Tony Mastroianni Review Collection

"A House" Is Not a Film Either

Cleveland Press August 28, 1964

Polly Adler's best-selling autobiography -- the life and times of a brothel keeper -- hardly seemed like an appropriate subject matter for a movie when the announcement was made some months ago.

A viewing of the film does nothing to change that opinion.

Miss Adler's comprehensive report on the business of prostitution, sordid as its theme might be, was still an interesting and unpretentious study of an era and its seamy side from a unique view point.

No such claims can be made for this movie version of a madam's memoirs.

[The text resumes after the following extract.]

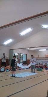 その後,プレイホールで入所式を行ってから,90畳の部屋で寝具準備などの説明を受けました。
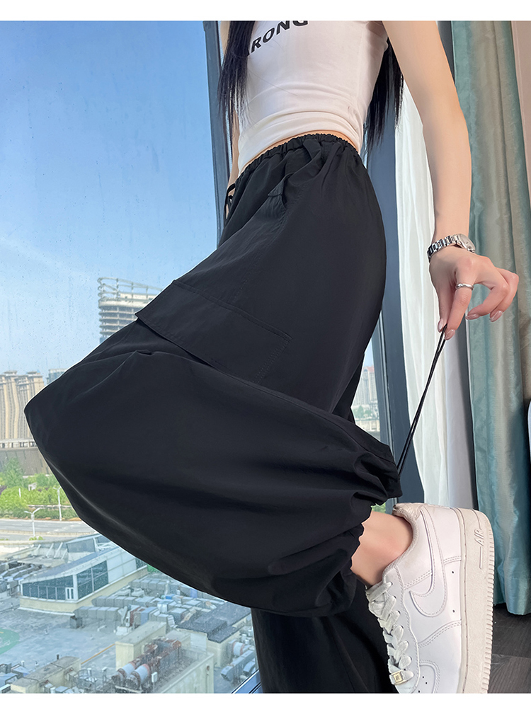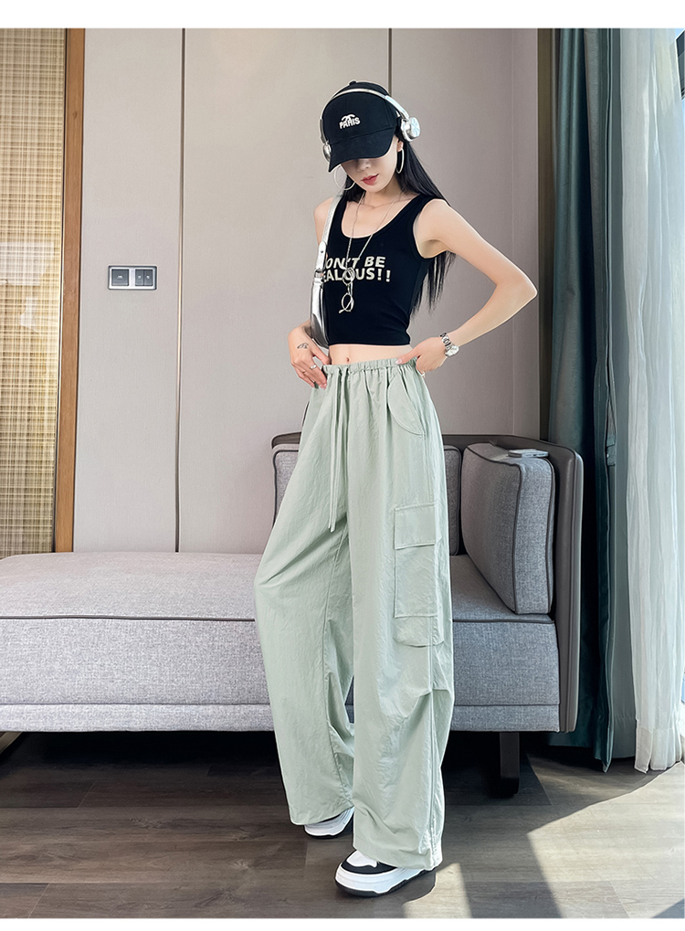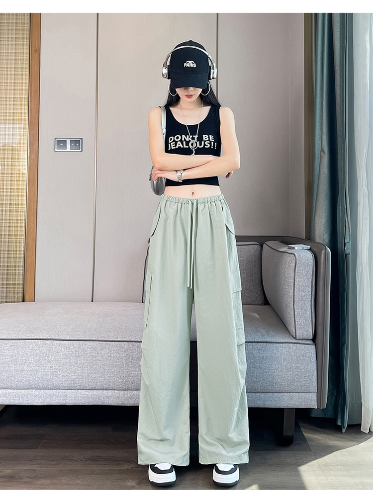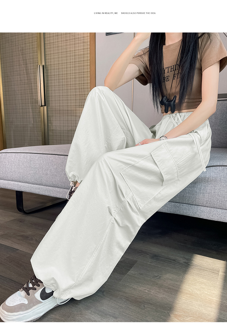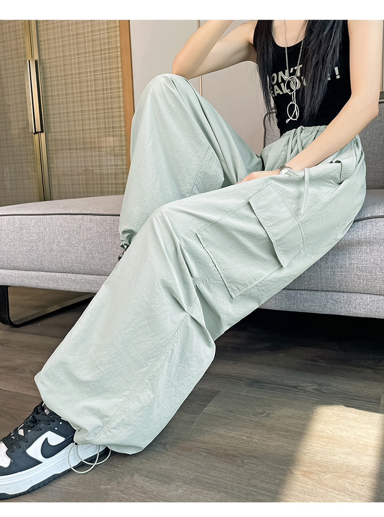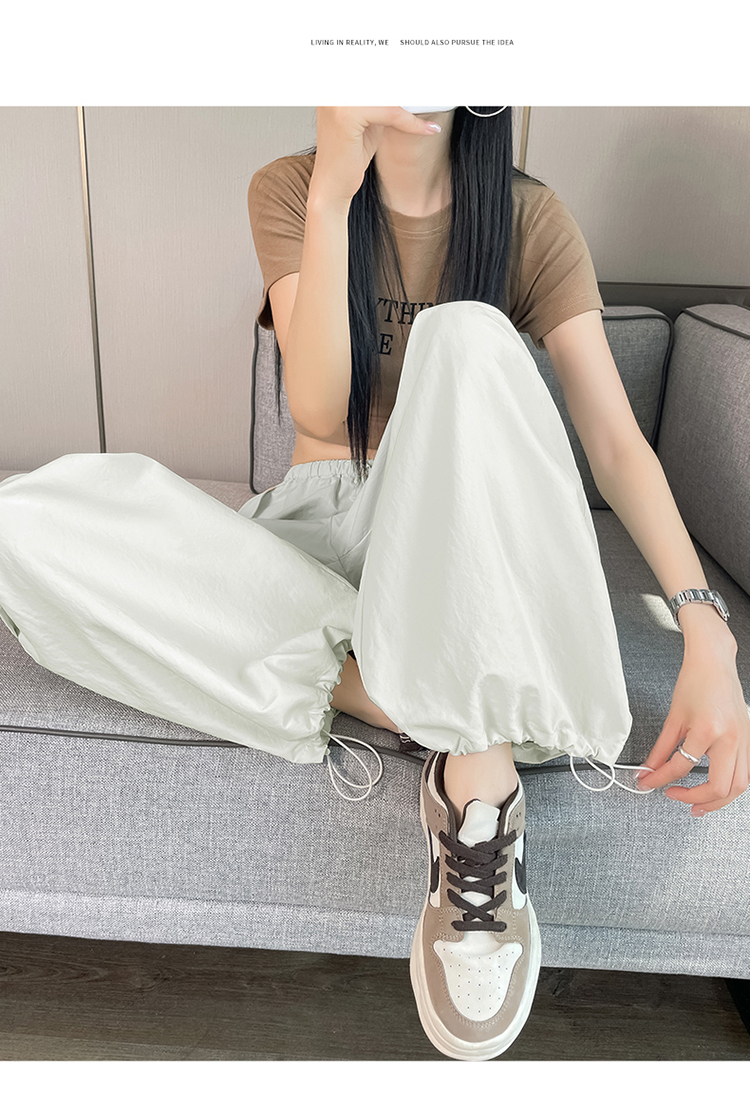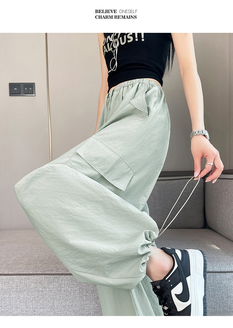 실사 2026 여름 새로운 속도 건조한 바지 워크웨어 팬츠 여성 얇은 스타일 하이웨이스트 조거 넓은 다리 둘 착용 할란 운동 바지

Admittedly it must have been difficult to fashion a screenplay from the material. The result is a melodramatic, tawdry, tasteless script that does nothing to advance drama, entertainment or an understanding of the period.

The film follows Miss Adler's career from her youthful days in a sweat shop, her rape by the shop foreman, to her providing girls for the entertainment of a bootlegger and his friends until she becomes one of the most successful keepers of a house of prostitution in New York.

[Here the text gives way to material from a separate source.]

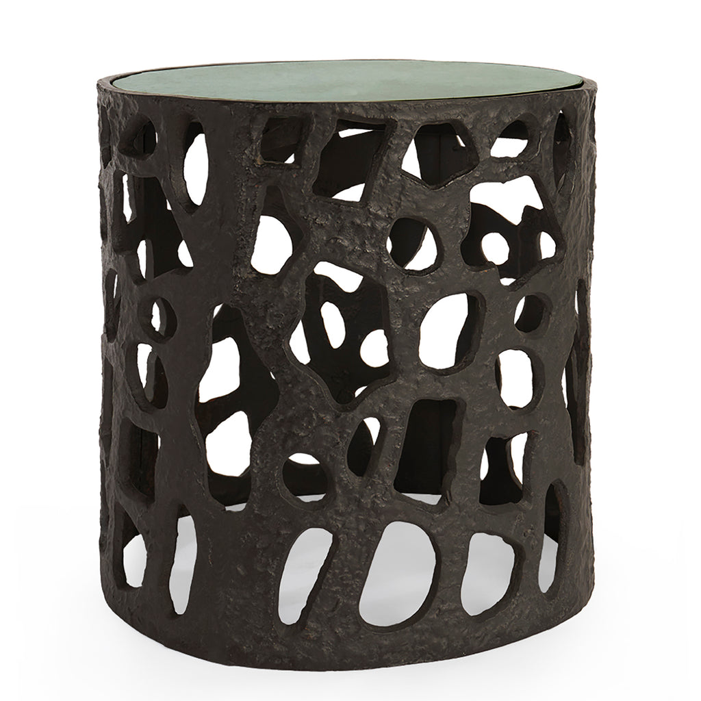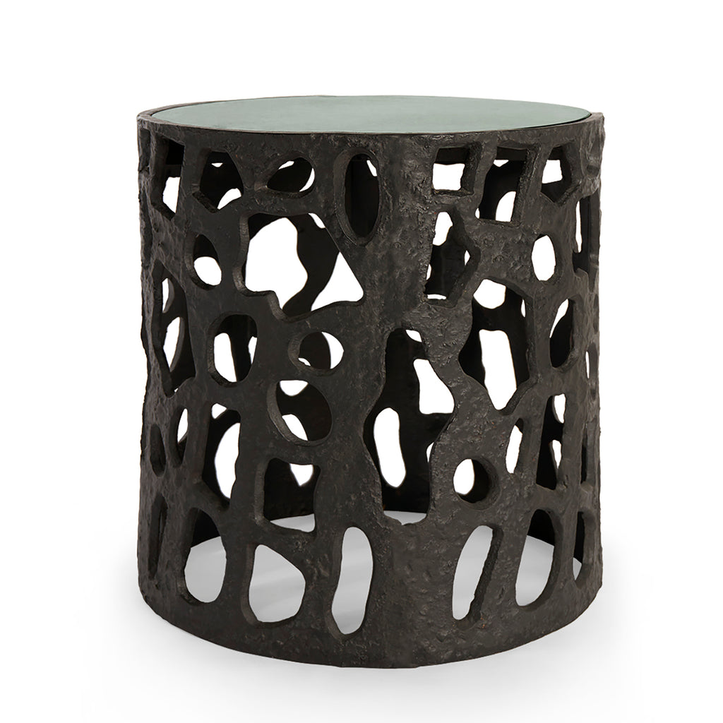 The Villa and House Shina Accent Table is a striking blend of organic elegance and natural luxury. Its base, crafted from blackened bronze, features a biophilic design that mimics the fluid, organic forms found in nature. Topping this artistic foundation is a stunning green marble top, offering a rich contrast of texture and color. The Shina Accent Table is a true statement piece, perfect for elevating any space with its unique, nature-inspired design.
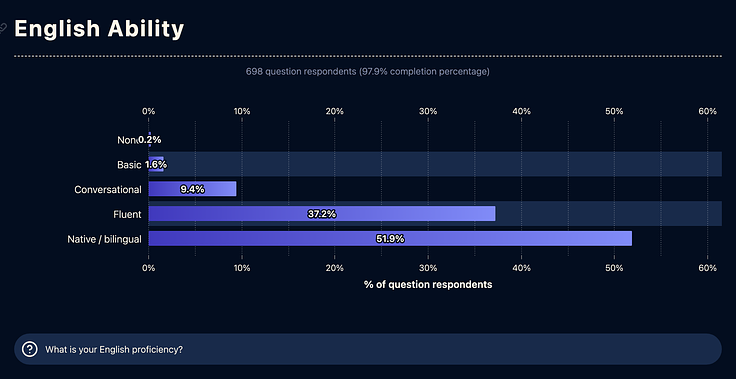 約9割の外国籍エンジニアが流暢もしくはネイティブレベルで英語を話すことができ、英語でのコミュニケーションに問題がないと言えます。

Presented is a world peopled by hoods, racketeers, dishonest cops and politicians on the make. What with the madam and her girls rounding out the cast there are few characters in the movie with whom the audience might sympathize.

A bitter-sweet romance with a musician is developed as a major plot line in the film. A puzzling subplot presents a whitewashed Lucky Luciano, advancing the theory that his arrest in connection with prostitution was all a terrible mixup.

While a gesture is made toward moralizing by having the girls and their procuress occasionally comment on their lack of a future, the dialog seems to have been developed for the shock value inherent in hearing certain words coming from the screen.

Shelley Winters gives a strong portrayal as Polly Adler. An aging Robert Taylor is grim-faced but acceptable as a minor hood. There are good vignette performances from Romero as Luciano, Broderick Crawford as a corrupt politician and Kaye Ballard as an early friend of Polly's.

The actresses portraying the girls are lovely to look at, but two are embarrassingly bad when called on for some heavy emoting.